Last Updated on Wednesday, 4 June 2025, 19:33 by Writer

Guyana is moving ahead with revamping its pharmaceutical regulatory system with assistance from Rwanda, as part of preparations to possibly become a leading drug manufacturer and supplier to Caribbean and European Union (EU) markets.
“We have done an assessment of our regulatory agency and our laws, when we looked at them – they date back to 1974 which is pretty old and we have worked with our partners, including the Pan American Health Organisation (PAHO) and we have a draft new law for the pharmaceutical industry,” Health Minister Dr Frank Anthony said.
He was Monday addressing the European Union’s Global Gateway 10-member Investment Mission on collaboration in the health and pharmaceutical sectors. In addition to the law, he said, there would be seven annexes on matters such as pharmacovigilance to bring Guyana up to the level of global best practice.
Dr Anthony said a review of the operations of the Food and Drug Administration has revealed a number of “gaps” including the need for a “good laboratory”. In that regard, he said government has invested US$5 million in a food and drug lab located at the University of Guyana which would be finished in another year. “Once that is completed, then we would have a good home where we can do all the regulatory testing and it would meet the best practices internationally,” he said.
The Health Minister said Rwanda has shared the human resource structure of its regulatory authority.

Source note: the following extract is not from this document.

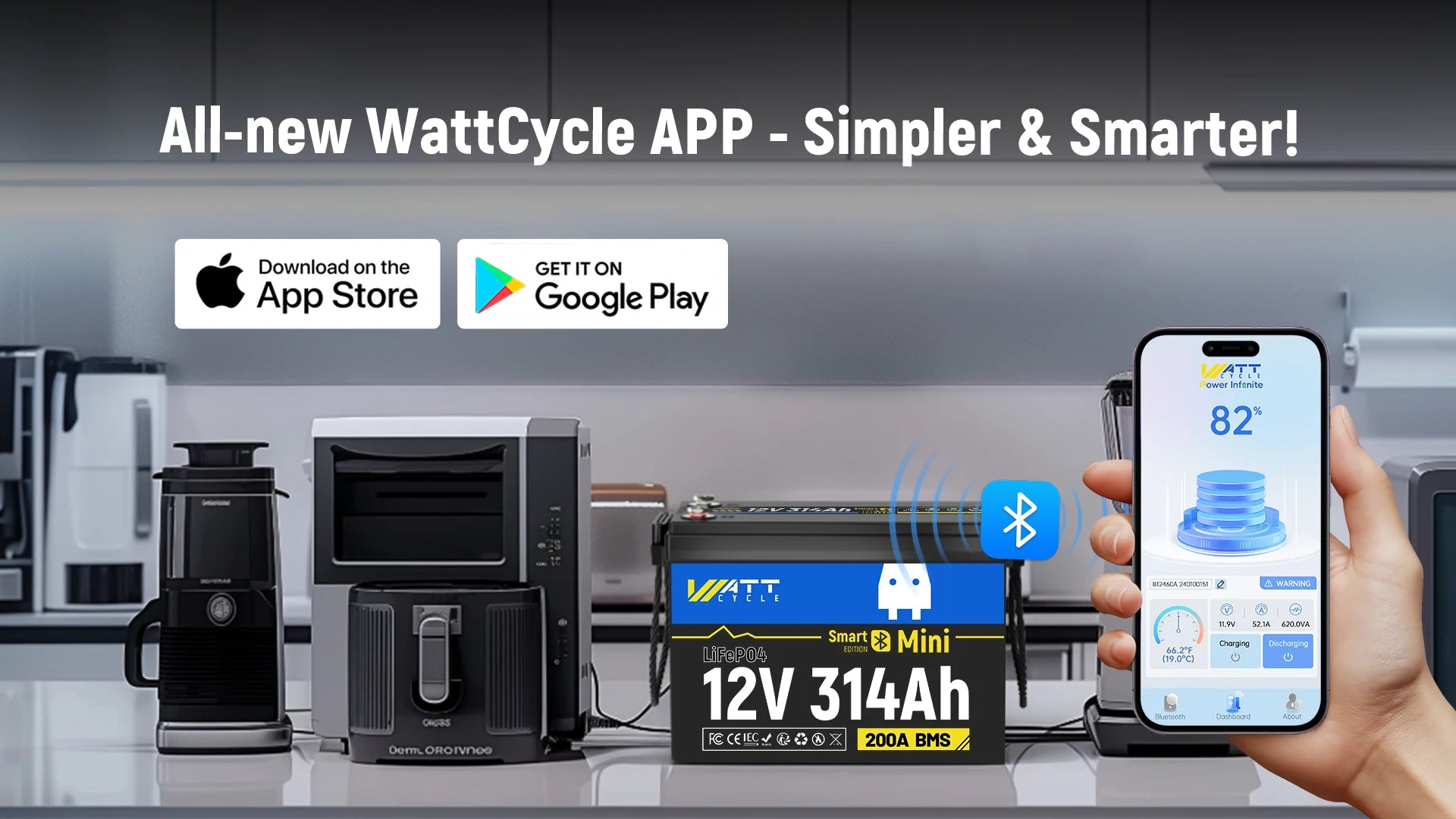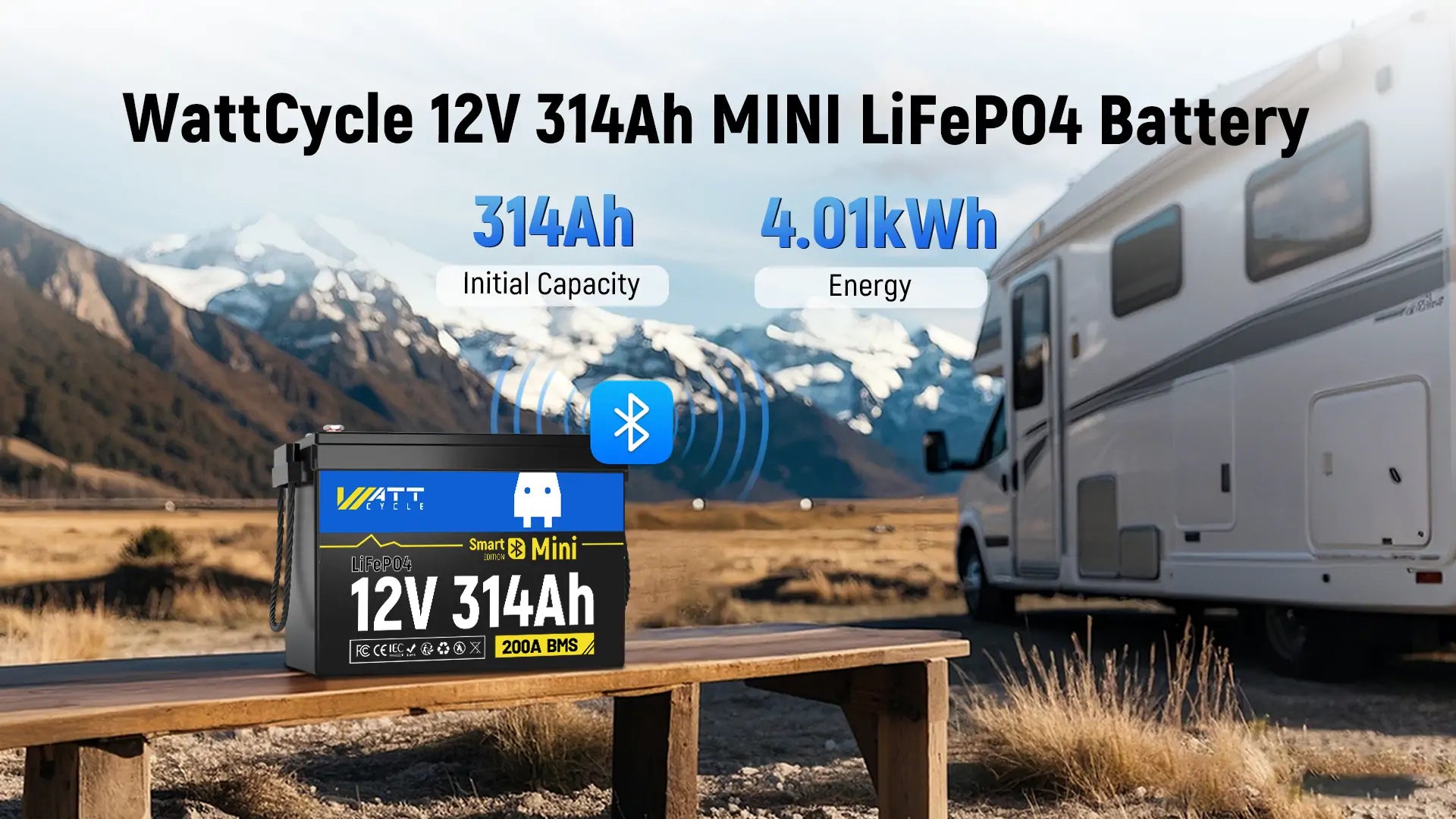 Upgraded WattCycle 12V 314Ah Mini LiFePO4 Battery with Bluetooth

He said another Rwandan expert was due to be in Guyana for a couple of months to guide local decision-makers about the skills that are necessary for the local regulatory authority. “Once that person comes and works with us, we are committed to hiring the relevant experience to make sure that our regulatory authority functions as it should,” he said.
With support from the EU and Rwanda, Barbados and Guyana are continuing preparatory work to begin the manufacture of drugs, including vaccines. “During COVID, I think we all over the world realised that it became super difficult to buy medicine, to buy anything that is of relevance in the health sector and that you need, as a region, to be able to rely on your own production facilities,” he said, noting that the EU had supported Rwanda to do so.

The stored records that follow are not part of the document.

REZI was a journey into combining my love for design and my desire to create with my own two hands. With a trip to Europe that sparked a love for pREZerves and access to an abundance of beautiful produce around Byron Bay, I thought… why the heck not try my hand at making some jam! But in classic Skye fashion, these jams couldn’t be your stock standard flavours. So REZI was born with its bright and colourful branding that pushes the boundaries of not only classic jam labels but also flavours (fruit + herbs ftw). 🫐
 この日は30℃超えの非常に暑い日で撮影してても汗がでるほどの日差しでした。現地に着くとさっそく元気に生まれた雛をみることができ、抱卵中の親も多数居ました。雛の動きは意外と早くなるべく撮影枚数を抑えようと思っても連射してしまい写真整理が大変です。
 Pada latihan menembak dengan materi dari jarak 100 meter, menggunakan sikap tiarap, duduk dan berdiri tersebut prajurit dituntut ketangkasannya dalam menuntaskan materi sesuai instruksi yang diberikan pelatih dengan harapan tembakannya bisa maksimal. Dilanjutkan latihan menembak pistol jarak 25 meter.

Lithuania, Guyana and Barbados have already signed a joint declaration to strengthen the systems in the two Caribbean countries. The idea has already been discussed by health ministers at the level of the Caribbean Community’s Council for Human and Social Development.
Dr Anthony said Guyana already has “some experience” through the decades-old New Guyana Pharmaceutical Corporation that had also produced HIV anti-retroviral vaccines.
The EU Ambassador wooed the European pharmaceutical companies to take advantage of the duty free, quota free exports from Guyana under EU-Caribbean Economic Partnership Agreement.
The Health Minister praised Rwanda for improving its regulatory authority to “almost the highest level” for pharmaceuticals being manufactured there. As a result of that, he said Rwanda had attracted a number of European companies to establish a manufacturing base there. “While their physical plant might be in Rwanda, it is also distributing these meds, devices and other things that they are making there to the rest of Africa. That’s a huge market that they would have access to,” he said.